Vicky Lysons, Clinical Impact Manager and Art Psychotherapist

It’s Children’s Mental Health Week and Heart Essex invited Vicky Lysons, our Clinical Impact Manager and Art Psychotherapist, to talk about the current state of children’s mental health.

Read on to hear Vicky’s thoughts on the conversations being held during this awareness week.

How would you describe the current state of children’s mental health?

We are finding that children and young people are struggling, and this is reflected in our referrals and people who are coming to us for our service.  

“56% of the children who come to us are presenting with four or more concerns. For context, pre-pandemic that was maybe one or two.”

The number of concerns and the complexity of them is much higher now than it was three or four years ago. This also tallies with a recent report from the NHS in November last year which stated that one in five young people aged 8 to 16 have a probable mental health condition. The seriousness of youth mental health concerns is reflected locally and nationwide - children are struggling at the moment and there's a lot of pressure and demand being placed on them.

Have factors like the cost-of-living crisis and social media made things worse?

The cost of living

The cost-of-living crisis has certainly added additional pressure onto families. Young people will be seeing their parents perhaps more stressed about bills or struggling more with life.

This is particularly true after coming out of ‘lockdown’ where essentially it felt like everything was back to normal. Families were still figuring out how to do ‘normal’ again, and what normal looked like. And then an increase in energy bills came, followed by an increase in interest rates, which in turn impacted food costs.

So yes, that added pressure of the cost of living is a stress that will be absorbed by everybody. Children are very tuned in to how their parents are while coping with stress and anxiety, so there will be ripples from this that they feel.

Social media

You could say that social media is making things worse. If we view social media as a window to the world, if we look through everything is pretty much unfiltered. It also means that young people, like all of us, have views into events that are going on in the world that (before social media) we wouldn't ordinarily have seen on a day-to-day basis. And of course, some of those things are incredibly shocking.

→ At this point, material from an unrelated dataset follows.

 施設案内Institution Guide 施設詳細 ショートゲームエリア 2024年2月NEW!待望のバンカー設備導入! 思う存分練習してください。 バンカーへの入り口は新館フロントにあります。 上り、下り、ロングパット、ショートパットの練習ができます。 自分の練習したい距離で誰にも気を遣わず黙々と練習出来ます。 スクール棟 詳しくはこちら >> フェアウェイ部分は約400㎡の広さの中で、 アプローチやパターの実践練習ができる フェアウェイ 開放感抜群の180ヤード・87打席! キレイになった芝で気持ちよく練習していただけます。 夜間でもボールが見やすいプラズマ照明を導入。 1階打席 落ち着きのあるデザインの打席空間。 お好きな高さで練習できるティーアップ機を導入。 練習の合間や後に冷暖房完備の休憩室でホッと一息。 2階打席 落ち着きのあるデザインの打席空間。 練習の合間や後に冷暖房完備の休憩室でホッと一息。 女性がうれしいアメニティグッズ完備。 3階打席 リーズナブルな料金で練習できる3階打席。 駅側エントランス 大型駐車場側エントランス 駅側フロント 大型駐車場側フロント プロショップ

Social media and all its choices

Add to this the way that young people are using social media to interact with each other, particularly in their adolescent teenage years when social development is much more at the forefront. And then not being able to necessarily have that break from friends and school when you go home, things build up. So, yes, social media is an added complexity that concerns young people, and it can make things harder, but it doesn't always have to.

The way we live our lives – looking through that social media window - presents an opportunity for parents and children to have open conversations about how social media is accessed and used. They could be introduced in the same way that you would talk to your child before they go out with their friends to set boundaries in place. The same applies to social media.

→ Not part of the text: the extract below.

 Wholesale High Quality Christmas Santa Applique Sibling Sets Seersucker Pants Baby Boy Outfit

Additionally, parents encourage their children to share any worries or concerns from their day-to-day lives and applying this same encouragement to open communication around social media would help them to feel comfortable sharing related concerns.

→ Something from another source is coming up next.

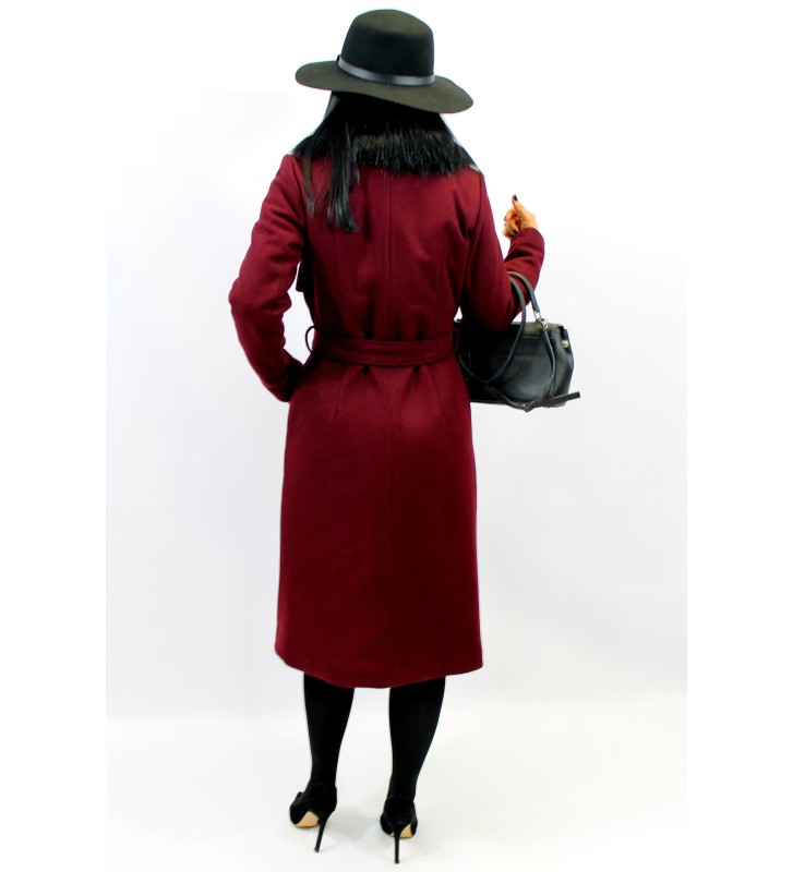 OCIEPLANY ZIMOWY PŁASZCZ Z KOŁNIERZEM BORDO

It’s about keeping that open communication so you can navigate it together. There isn't a one-size-fits-all approach, it is dependent on the family and the needs of the young people, as well as the expectations that the family have of each other.

Does there need to be more protection for children when it comes to social media?

I think the need for better online safety and protections for young people, particularly around social media platforms, is being taken more and more seriously. The introduction of the Online Safety Act at the end of last year offers some guidance and perhaps brings some weight to the matter, which is positive.

Previously our CEO at Kids Inspire Sue Bell has spoken about the need for social media platforms to take more responsibility for protecting young people and to make it safer for them to engage online.

While it's not about shutting them out completely, or anybody for that matter, it is about making it a genuinely safe space. For example, we all have seen more ways of reporting online bullying or harassment, bt beyond that it is understanding whether they are effective enough. Do they protect the people they need to protect? Do they reduce cyberbullying and what about the related anxiety that comes from online platforms?

“It is important for us to remember that owning a smartphone and having access to online platforms does require a level of maturity.”

Going back to my earlier response, I would encourage families to keep an open communication and to have conversations about:

  • does it feel like the right time for my child to have access to that?

  • are there controls that can be put in place?

Parents having access to or sight of what's happening on their child's platform in open conversations can also be considered as parental oversight.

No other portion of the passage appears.